Drag icon RuPaul is no stranger to criticism, particularly over his continued use of transphobic slurs on his popular TV show RuPaul’s Drag Race which is produced by the LGBT-centered Logo cable network. However, in March, he ignited a firestorm of backlash from within and outside the trans community by featuring a mini-game entitled “Female or Shemale,” on the show. Despite criticism of the segment echoing loudly throughout the web, the voice of the largest LGBT group for media advocacy, GLAAD, was nowhere to be heard. On March 29th, 12 days after the segment aired, GLAAD finally issue a statement on the issue:
The morning after the segment aired GLAAD staff reached out to Logo and shared our own concerns, as well as the feedback we heard from the trans community. We also talked directly to the producers of RuPaul’s Drag Race.
The mistakes made in this segment should not be repeated. Words are important and have tremendous power. Since 1999 we have stated in our Media Reference Guide that anti-trans slurs are defamatory: “These words only serve to dehumanize transgender people and should not be used.” The network and the show’s producers heard that from us – and from those of you who spoke up.
Addressing the criticisms from many advocates that GLAAD was slow to respond to issue, the organization claims that engaging in education and dialogue took priority:
Some writers and trans advocates questioned our entire commitment to trans people because we did not post about this issue on our site immediately. Why was there not an immediate post? We know from past experience that dialogue and education are the most effective ways to create substantive and lasting change in the media, and today’s statements are the beginning of new conversations with this network and this show.
However, the official statements from both the producers of Drag Race and Logo itself were lukewarm and non-committal to any changes going forward, and contained no apologies for their usage of the transphobic language. The Drag Race producers claim they “are newly sensitized” to the issues:
We delight in celebrating every color in the LGBT rainbow. When it comes to the movement of our trans sisters and trans brothers, we are newly sensitized and more committed than ever to help spread love, acceptance and understanding,
Logo’s statement simply states that the concerns have been heard:
“We have heard the concerns around this segment. We are committed to sharing a diverse range of trans stories across all of our screens and look forward to featuring positive and groundbreaking stories of trans people in the future.”
A check of Logo’s press releases and current website provide no acknowledgement of the conversation with GLAAD, nor does the official website for RuPaul’s Drag Race.

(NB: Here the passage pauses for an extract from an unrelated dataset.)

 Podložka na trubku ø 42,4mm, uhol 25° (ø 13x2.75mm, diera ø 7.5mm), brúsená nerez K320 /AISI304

On the same day the statement from GLAAD was posted, board member Jennifer Finney Boylan wrote an extensive personal statement on the situation on her own blog. In it, she adds that Logo made further commitments to GLAAD in their dialogue:
“More important to me is a commitment LOGO made that is not reflected in their public statement—- that they are not going to using the word “t——“ on any of their programming again, going forward. It will be GLAAD’s responsibility to hold them to their word.

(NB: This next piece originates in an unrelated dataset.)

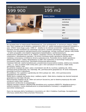 DOM na SPRZEDAŻ 599 900 Niedźwiedź 195 m2 PMR23004 599 900 PLN 3 076 PLN Secondary 3351 170 1997 4 VeryGood Opis Na sprzedaż dom w miejscowości Niedźwiedź ok. 2 km od Kobylanki, w zacisznym miejscu, blisko lasu. Dom znajduje się na działce o powierzchni 3351 m². (jedna stanowiąca przedmiot transakcji o pow. 1755m² oraz druga o pow. 1596 m² - działka ta nie stanowi przedmiotu niniejszej oferty jednakże istnieje możliwość jej czasowego użyczenia z prawem pierwokupu - właściciel dopuszcza również inne rozwiązania zaproponowane przez kupującego. Istnieje możliwość zakupu całej działki - w takim przypadku cena będzie negocjowana bezpośrednio z zainteresowanym). Powierzchnia całkowita domu to ok. 195m2, użytkowa 1707m2. Na działce znajduje się dom mieszkalny z wbudowanym garażem. Od strony frontowej działki ogrodzenie stanowi płot metalowy umocowany w klinkierze (brama automatyczna). Pozostałe strony działki ogrodzone płotem betonowym i siatką. Wybudowany w 1997 roku wykonany w technologii tradycyjnej murowanej (cegła ceramiczna). Dachówka klinkierowa glazurowana. Instalacje takie jak: wodno-kanalizacyjna, przydomowa oczyszczalnia ścieków, elektryczna (światło i siła), c.o.: piec na paliwo stałe (nowy piec), gaz z sieci (przyłącze na działce), ciepła woda, wentylacja, telefon, solar. Na parterze znajduje się salon: salon z kominkiem (ok.36 m), kuchnia z jadalnią (ok. 20m), pomieszczenie przejściowe, hol, wiatrołap, WC, pomieszczenie gospodarcze. W cenie mieszkania pozostaje kuchnia w zabudowie. Na poddaszu: hol, sypialnia z garderobą (ok 35m) pokoje (ok. 18m, 13m) pomieszczenia gospodarcze oraz łazienka. Wokół domu znajduje się bardzo duży i zadbany ogród . Obok domu znajduje się również budynek gospodarczy oraz kojec dla psa. Nieruchomość znajduje się ok. 20km od centrum Szczecina, jest to idealna propozycja dla osób ceniących sobie ciszę i spokój. Zapraszam serdecznie na prezentację ! Zapytaj naszego maklera o BEZPŁATNE doradztwo przy uzyskaniu KREDYTU. Współpracujemy z wieloma bankami i mamy doświadczenie w przeprowadzaniu transakcji z uwzględnieniem warunków kredytowych. Dane nie stanowią oferty handlowej w rozumieniu art. 66,§ 1 Kodeksu Cywilnego. Szczegółowych informacji udziela Biuro Nieruchomości Pomerania . Pomerania Nieruchomości Wojciech Hodyl tel. 534210021, 913508888 email: [email protected] Pomerania Nieruchomości Powered by TCPDF (www.tcpdf.org)

They’ve also committed to putting an end to other anti-trans language on their network.”
However, Boylan, too, is not heartened by the official statements given by the Logo and Drag Race:
“But this statement did seem to me to be something of a non-apology, and that leaves me dispirited. “Newly sensitized” is great— but you had to not be listening very hard to trans women in the first place to have produced a segment like this and been blind to the way it would be received.”
Buzzfeed LGBT’s Tony Merevick recently pressed spokesman for Logo for a public statement regarding their commitment to eliminating anti-trans language from their programming, but the network representatives stuck hard to the party-line and refused to make a confirmation of the commitment made to GLAAD.
It does appear, at least, that GLAAD has at last been moved by the critical voices among trans advocates, and has not featured Drag Race in its daily “What To Watch” post since the controversy erupted.
Given both Logo and Drag Race’s quiet, ambivalent non-apologies, and RuPaul’s lengthy history of transmisogyny, it will be interesting to see if any real changes do occur going forward, and whether GLAAD will continue to press a key media partner like Logo if their commitments turn out to be little more than lip service.
On March 31st, former Drag Race contestant, Carmen Carrera wrote:
Although I am certain RuPaul’s Drag Race didn’t mean to be offensive, let this be a learning experience. I think the show has opened up and educated the minds of many people who were ignorant to the world of drag and has made equality and respect a possibility for those involved, not only as equal beings but as phenomenal artists. There has always been a huge presence of trans artists in the drag scene. “Shemale” is an incredibly offensive term, and this whole business about if you can tell whether a woman is biological or not is getting kind of old. We live in a new world where understanding and acceptance are on the rise. Drag Race should be a little smarter about the terms they use and comprehend the fight for respect trans people are facing every minute of today. They should use their platform to educate their viewers truthfully on all facets of drag performance art.
After Logo and GLAAD issued their statements, the Drag Race ran their segment, “You’ve Got She-Mail.”